Как ни устал я, но совершив омовение и, в столовой гостиницы, где я остановился, освежавшись обыкновенным напитком пешехода, простым и нередко оклевываемым, чаем, я не мог противиться искушению широкой, шумной улицы, освещенной гасом и видневшейся сквозь тусклые окна столовой. Я прежде никогда не видывал большего города, и противоположность между светлой деятельной ночью улицы и скромной, безжизненное ночью деревень и полей сильно меня поразила.
Поэтому я выскочил на улицу и прыгая, и смеясь, то глазел в окна, то как будто спешил по течению жизни, покуда очутился у трактира, около которого толпилась небольшая кучка женщин, граждан, и голодных, по-видимому, детей. В то время, как я рассматривал толпу и удивлялся, почему главная забота большинства земного населения о том, как, когда и где поесть, слух мой был поражен слелующими словами:
– Действие происходит в Трое, говорит знаменитый Билль.
Оглянувшись, я увидел мистера Пикока, указывавшего тростью во отворенный, рядом с трактиром, крытый ход, освещенный гасон я над дверью которого, на оконном стекле, было написано черными буквами: «Биллиарды». Присоединяя действие к слову, Пикок разом вошел в отворенную дверь и исчез. Юноша-товарищ следовал за ним лениво, как вдруг заметил меня. Легкий румянец выбежал на его темные щеки; он остановился и опираясь о дверь, долго и как-то странно смотрел на меня, прежде нежели сказал:
– Вот мы и опять встретились, сэр! Не сладко вам, я думаю, проводить время в этом месте: ночи длинны вне Лондона.

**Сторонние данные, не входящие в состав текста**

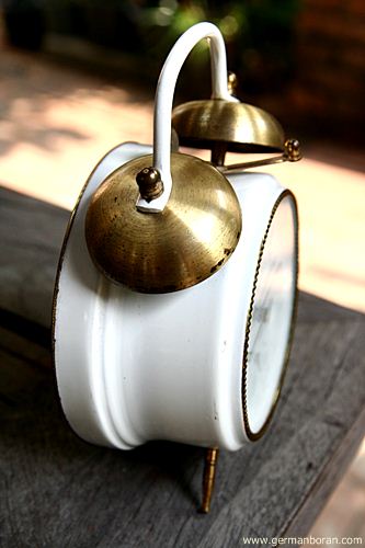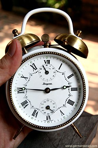รหัส: C9_89 ข้อมูล: นาฬิกาปลุกไขลานเยอรมันโบราณ ยี่ห้อ Wehrle ตีสองกระดิ่งบน ขนาด 11x11cm. หน้าปัดงามหลายๆ ตัวเรือนขาวนวลสวยๆ น่ารักๆ ค้าบ  :-*

– О, отвечал я простодушно, – меня все здесь тешит: освещение, лавки, давка; потому что все это для меня новость.
Юноша оставил свое место и, как бы приглашая меня следовать за вами, стал, с выражением какой-то горькой насмешки, хотя в словах его просвечивала будто грусть:
– Одно, не может быть ново для нас, – старая истина, которую мы знали прежде даже, нежели отняли у нас кормилицу: все, что имеет какую-нибудь цену, должно быть куплено; ergo, кто купить ничего не может, у того ничего и не будет.
– Не думаю, сказал я, чтобы все лучшие вещи можно нам купить. Посмотрите на этого бедняка, худого, больного ювелира, что стоит перед своей лавкой: его лавка лучшая на этой улице, – а я уверен, что он с радостью отдал бы ее всю вам, или мне, за наше здоровье и крепкие ноги. Нет! я скорее соглашусь с моим отцом: лучшее в жизни дано всем, т. е. природа и труд.
– Это говорит ваш отец, и вы за ним! Впрочем, все отцы проповедуют и это и другие мудрые истины; но не вижу я, чтобы отцы часто находили в сыновьях доверчивых слушателей.
– Тем хуже для сыновей! – сказал я решительно.
– Природа, – продолжал мой собеседник, не обращая внимания на мое восклицание, – природа действительно дает нам много и учит каждого из нас, как употреблять её дары. Если природа вложила в вас наклонность к лошадиному труду, вы будете трудиться, как лошадь; если она вложила в меня побуждение к возвышению, самолюбие что ли, и отвращение от труда, я могу идти в гору, но работать верно не буду.
– Стало, вы согласны с Скилем, сказал я, – и верите тому, что нами руководят шишки нашего черепа?
– Да, и кровь наших жил, и молоко матери. Мы наследуем все, наравне с подагрой и чахоткой. Так вы всегда делаете то, что говорит вам отец… Вы добрый мальчик!
Я был обижен. Никогда не мог я понять, отчего бывает человеку стыдно, когда его хвалят за доброту: но тогда я был недоволен. Однако я резко отвечал:
– Если б у вас был такой отец, как у меня, вам бы не показалось неестественным поступать по его словам.